So then I add TYPE=COMPLEX:
Weight is c1_weigh ;
Subpopulation IS c1_ppeth == 1 ;

Analysis:
TYPE=COMPLEX ;

When I run this, I get this error:
*** ERROR in VARIABLE command
TYPE = COMPLEX analysis requires CLUSTER or STRATIFICATION option.

Above this post, it says to use USEOBSERVATIONS. That does indeed allow the model to run, but how can I be sure that the weights are used correctly?

Linda K. Muthen posted on Thursday, October 27, 2011 - 5:21 pm

SUBPOPULATION is needed only when you have strata or clusters so with TYPE=COMPLEX. If you have only sampling weights, you should use the default TYPE=GENERAL and USEOBSERVATIONS.

Wim Van den Broeck posted on Tuesday, June 04, 2013 - 2:25 am

I have a dataset with about 1000 Ss in 165 schools. At both levels units were self-selected (all schools in the population were contacted). I have information on how many teachers are in each school and thus on the chance that they were self-selected, and also on the chance that a school was self-selected based on population characteristics (region and other). So I created two weight variables, 'weight' and 'bweight'. Is that correct till here? When performing a TYPE = TWOLEVEL analysis I can see that the estimation of the dependent variable (opinion about school reform) is clearly influenced by the 'weight' variable, but not by the 'bweight' variable. Can you help me?

Wim Van den Broeck posted on Tuesday, June 04, 2013 - 2:38 am

Sorry, the last sentence in my previous querry should be the other way around: the dependent variable is influenced by bweight, not by weight.

Tihomir Asparouhov posted on Thursday, June 06, 2013 - 9:14 am

It all sounds correct. The weight variable probably doesn't have much variation. That is one possible explanation about why you don't see a difference. In general the weight variable should affect the results.
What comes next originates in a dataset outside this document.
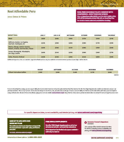 post-trip extensions. Prices are per person. Airfare prices include government taxes, fees, and airline fuel surcharges. All prices and availability are effective as of the date of this publication, and are subject to

Wim Van den Broeck posted on Thursday, June 06, 2013 - 9:46 am

Thanks already Tihomir! The strange thing is that when I compare this analysis (with weight and bweight variables) with an analysis in which I delete the weight variable (only bweight left), then I got exactly the same numbers (also in last decimals). Do I have to use the wtscale command? When I do that with unscaled, the results change. Maybe I did something wrong in constructing the weight variable. This is how I did it: when 10 teachers participated in a school with 70 teachers, I assigned the weight of 7 for each of the participating teachers. Actually there is a lot of variability in this weight variable.
Here's my syntax:
VARIABLE: ....
CLUSTER = school;
WEIGHT = w1;
BWEIGHT = w2;

ANALYSIS: TYPE = TWOLEVEL;
MODEL:
%WITHIN%
item21;
%BETWEEN%
item21;

Tihomir Asparouhov posted on Thursday, June 06, 2013 - 10:40 am

W1 as constructed says that within school the teachers are equally likely to be selected, i.e., it has no information, and it should not affect the results.

If you were running a single level model (not a two-level model) w1 would be meaningful because it would reflect the probability of selection across the entire population.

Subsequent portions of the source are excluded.